┌─ DATASET SECTION

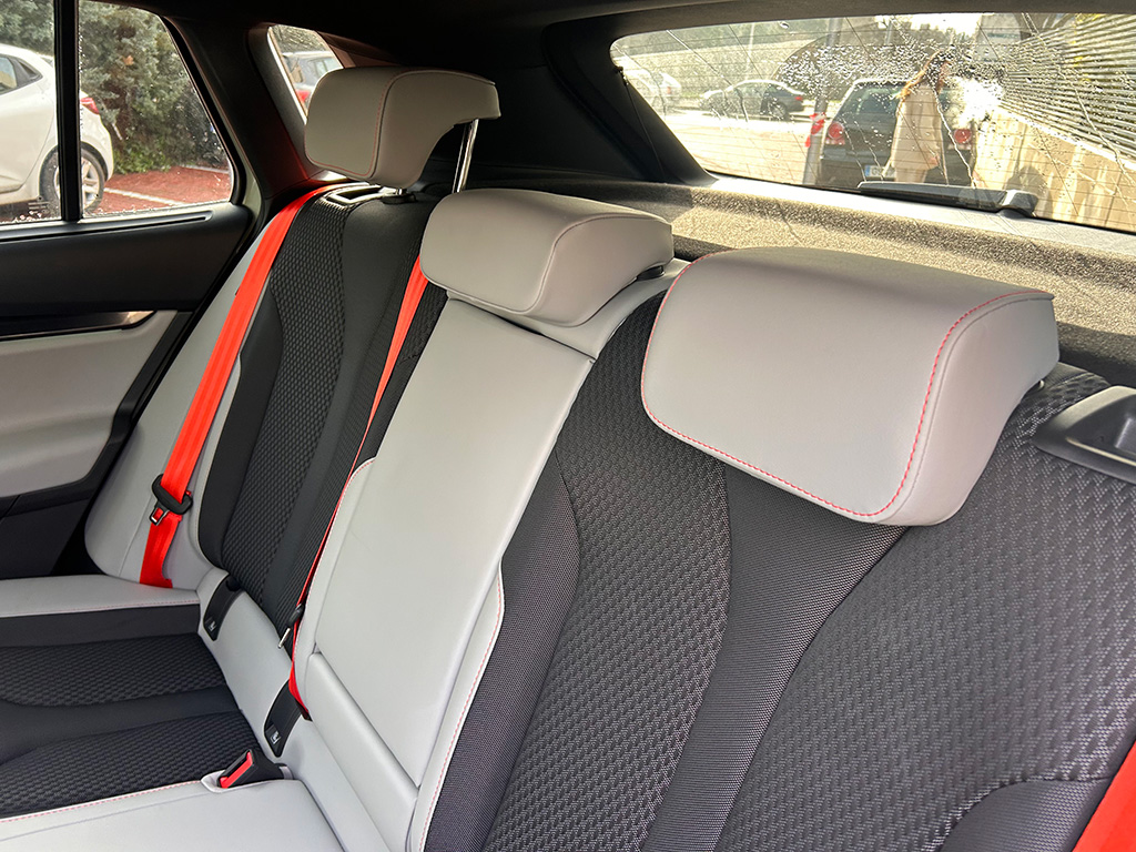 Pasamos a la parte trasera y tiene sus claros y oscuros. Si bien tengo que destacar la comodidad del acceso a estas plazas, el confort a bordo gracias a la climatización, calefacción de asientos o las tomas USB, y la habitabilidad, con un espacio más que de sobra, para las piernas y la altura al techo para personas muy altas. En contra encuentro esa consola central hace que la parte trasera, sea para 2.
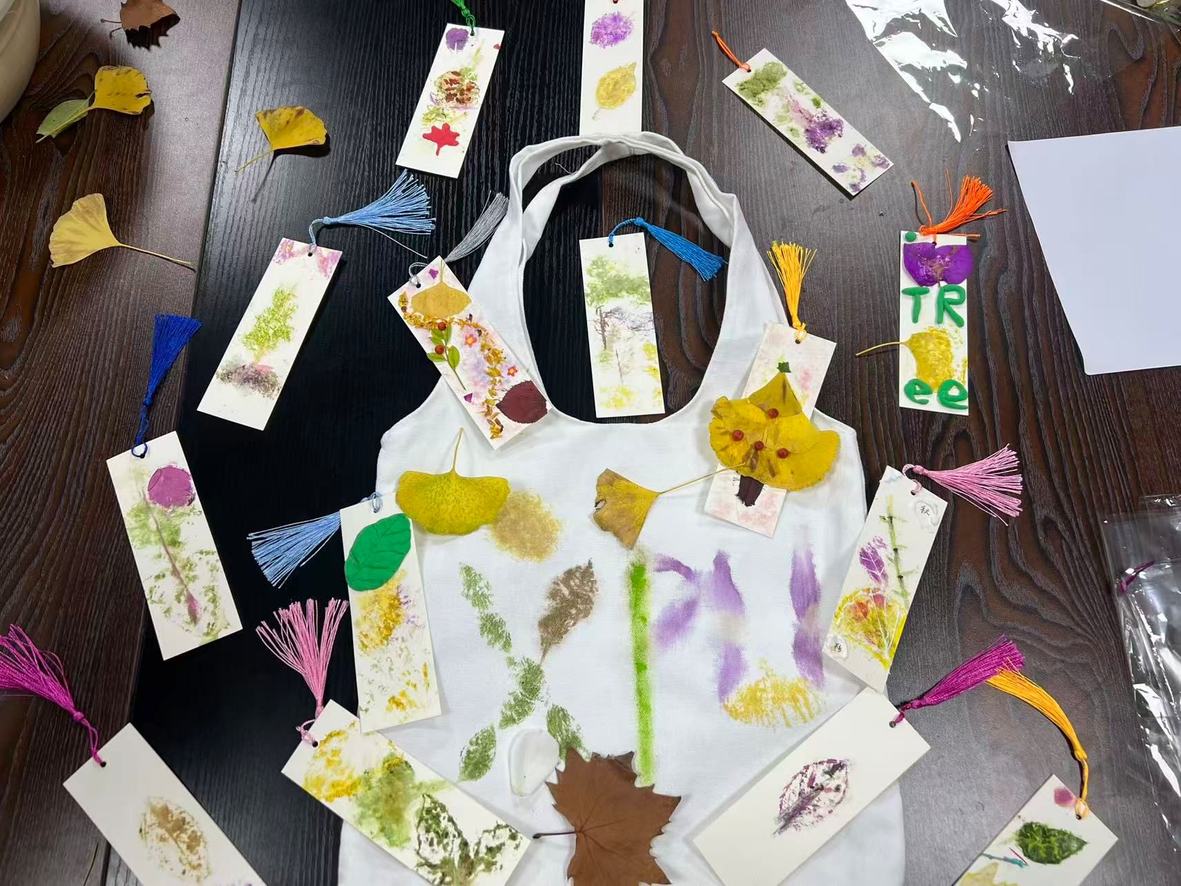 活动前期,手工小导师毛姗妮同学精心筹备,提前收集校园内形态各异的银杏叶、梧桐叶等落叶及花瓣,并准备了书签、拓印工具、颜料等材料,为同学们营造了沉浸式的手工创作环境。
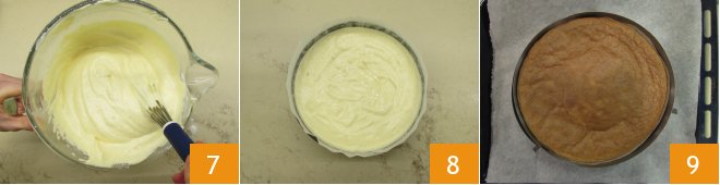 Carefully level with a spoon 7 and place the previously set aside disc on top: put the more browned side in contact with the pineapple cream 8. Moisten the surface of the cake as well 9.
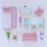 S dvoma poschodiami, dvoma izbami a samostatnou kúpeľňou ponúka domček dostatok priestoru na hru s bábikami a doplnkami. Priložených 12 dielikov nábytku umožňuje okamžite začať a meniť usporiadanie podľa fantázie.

└─

Copy out all the data above exactly, pictures excluded.

 Pasamos a la parte trasera y tiene sus claros y oscuros. Si bien tengo que destacar la comodidad del acceso a estas plazas, el confort a bordo gracias a la climatización, calefacción de asientos o las tomas USB, y la habitabilidad, con un espacio más que de sobra, para las piernas y la altura al techo para personas muy altas. En contra encuentro esa consola central hace que la parte trasera, sea para 2.
 活动前期,手工小导师毛姗妮同学精心筹备,提前收集校园内形态各异的银杏叶、梧桐叶等落叶及花瓣,并准备了书签、拓印工具、颜料等材料,为同学们营造了沉浸式的手工创作环境。
 Carefully level with a spoon 7 and place the previously set aside disc on top: put the more browned side in contact with the pineapple cream 8. Moisten the surface of the cake as well 9.
 S dvoma poschodiami, dvoma izbami a samostatnou kúpeľňou ponúka domček dostatok priestoru na hru s bábikami a doplnkami. Priložených 12 dielikov nábytku umožňuje okamžite začať a meniť usporiadanie podľa fantázie.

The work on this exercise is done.